Юра и Галя ждали маму в севастопольском Морском порту, но им 14 января рано утром только дали телеграмму: "Идём в Евпаторию". Пассажиры возмущались на капитана за то, что тот не высадил их в Ялте, откуда они могли приехать в Севастополь на автобусах. Не успели Галя, Юра, Вова и Олежка окончательно проснуться утром, как в дверь комнаты постучали и вошла мама с огромным количеством вещей.
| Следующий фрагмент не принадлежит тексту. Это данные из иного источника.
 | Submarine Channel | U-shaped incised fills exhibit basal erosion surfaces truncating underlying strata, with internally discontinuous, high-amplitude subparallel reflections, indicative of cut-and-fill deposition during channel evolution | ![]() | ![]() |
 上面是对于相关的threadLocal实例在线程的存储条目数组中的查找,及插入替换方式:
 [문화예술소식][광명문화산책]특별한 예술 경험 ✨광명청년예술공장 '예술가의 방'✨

Оказывается она в Евпатории наняла такси и приехала как можно быстрее, потому что у неё было много продуктов.

Мама Тома привезла с собой из Новороссийска: несколько индюшек, уток, кроликов, 130 штук яиц, колбасу, жареного кролика, соленья-варенья, овощи-фрукты и многое другое. Весь свой отпуск мама Тома провела с Галей, Юрой, Вовой и Олежкой в Севастополе, отметили день рождения Гали (21 год - автор) и 29 января 1972 года они с Вовой уехали домой в Новороссийск. При этом опять Чёрное море штормило и 31 января Галя и Юра получили телеграмму: "Идём в Туапсе". Оттуда путешественники через 2-3 часа после прибытия теплохода приехали домой в Новороссийск.
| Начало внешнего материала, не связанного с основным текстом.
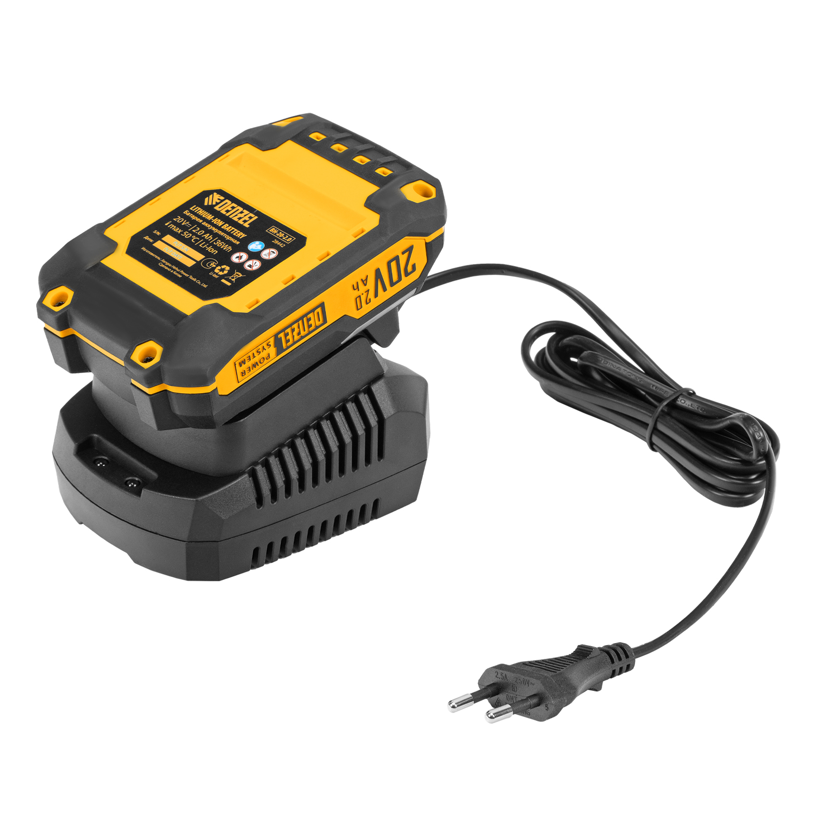 - Универсальность — газонокосилка совместима со всеми аккумуляторными батареями единой платформы Denzel Power System 20V.
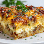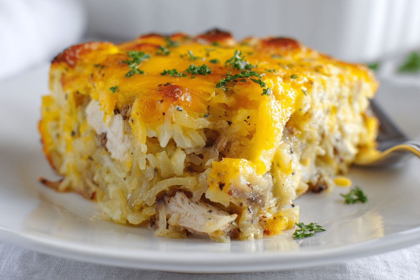A satisfying breakfast casserole featuring chicken, shredded hash browns, eggs, and cheddar cheese. Perfect for weekends, holidays, or prepping breakfast in advance.
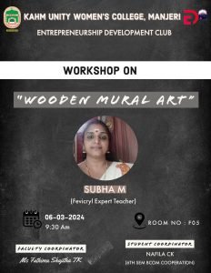 Ed Club organized a workshop on “Wooden Mural Art” on 6th March 2024 with the aim of providing the participants with hands-on experience and knowledge about the art of wooden mural creation. Mrs. Subha M, Fevicryl Expert Teacher was the Resource Person. Participants learned various painting techniques and methods for adding colour and texture to their wooden murals. Throughout the workshop, participants were encouraged to unleash their creativity and experiment with different styles and themes, resulting in a diverse range of wooden mural artworks. 40 members of the ED Club participated in the event. The program was inaugurated by Mr. TT Abdul Razak, the Head of Department of Commerce. It was co-ordinated by Ms. Fathima Shajitha and student co-ordinator Nafila CK.
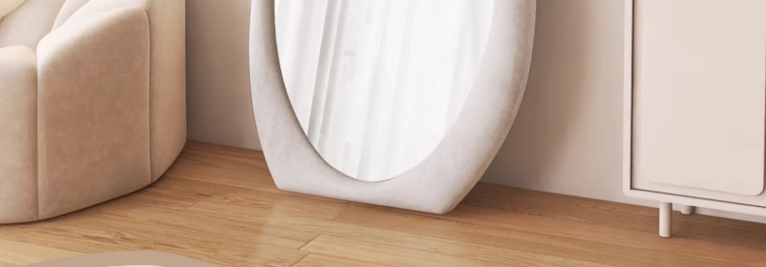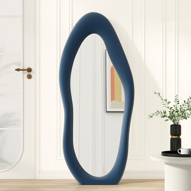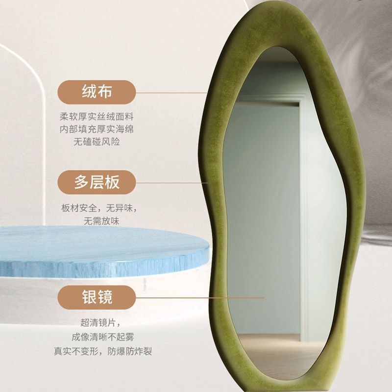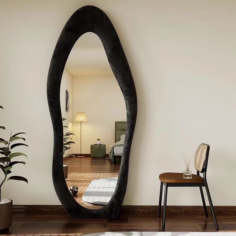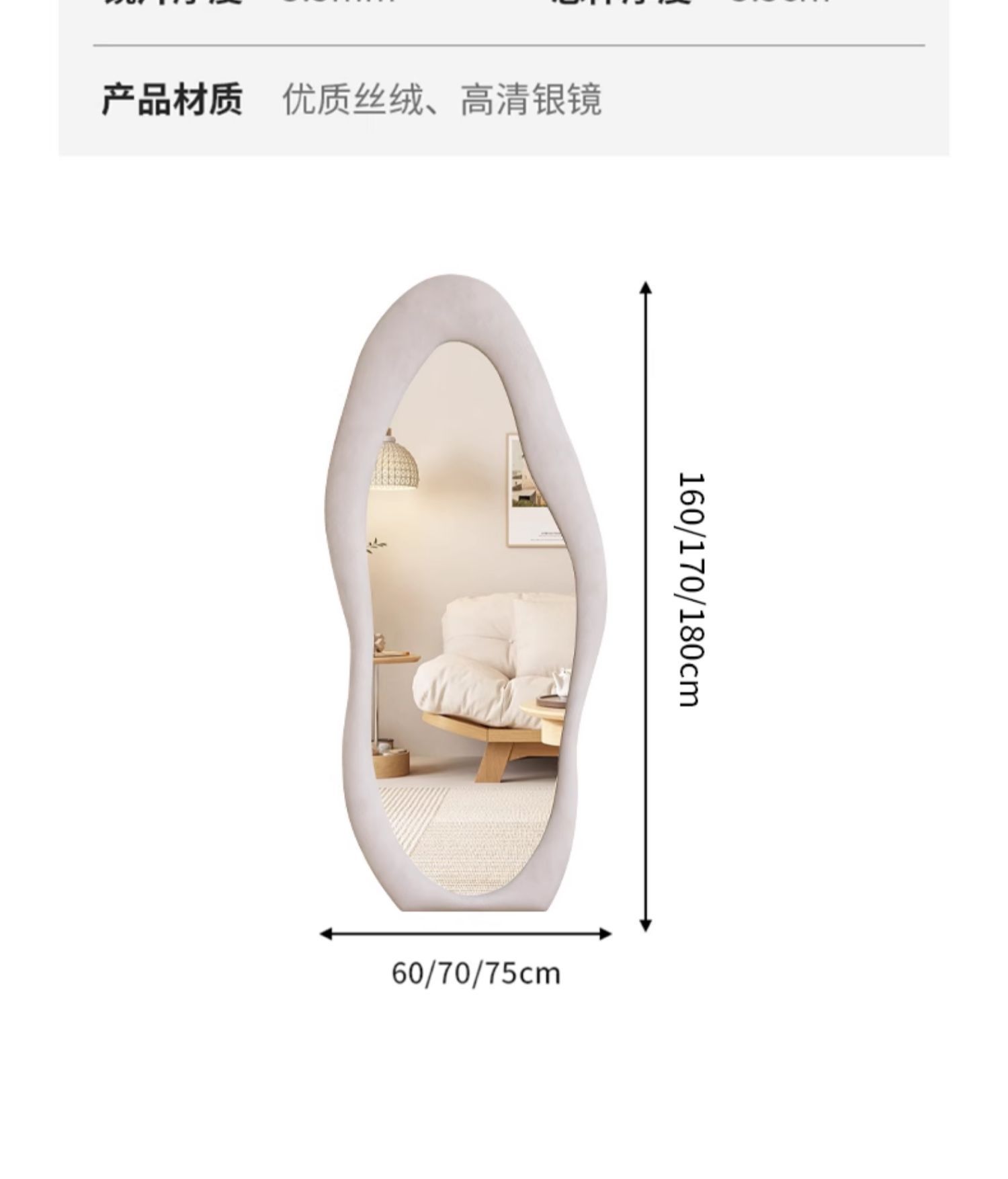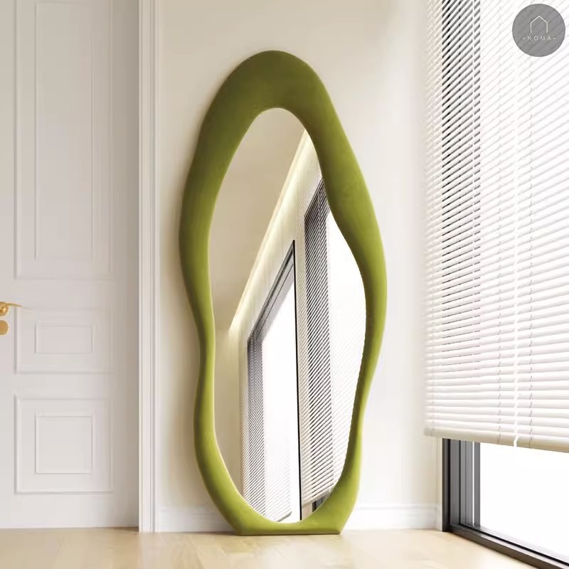 Модное напольное зеркало в полный рост для спальни, зеркало для гардеробной в стиле инс с нестандартной формой и кремовым цветом.

30 января 1972 года у Юры было последнее дежурство в ГАИ, а теперь он "мотается" в Симферополь и оформляет своё увольнение "из органов", причём "сегодня поймал одного начальника, подписал обходной, завтра - другого и вот так уже 5 дней, главное - это подписать склад и довольствие, то есть отсутствие претензий от имущественных служб, остальное он всё подписал, мотоцикл он тоже сдал, ведь он сам его полностью ремонтировал". Вот тут-то я и "осёкся" в письме Гали-Галчонка, потому что вспомнил вопросы моего отца и мамы, их намёки и недомолвки, их сердитое беспокойство и вспомнил свои ощущения и переживания перед призывом на военную службу, в те дни ДТП с участием Юры...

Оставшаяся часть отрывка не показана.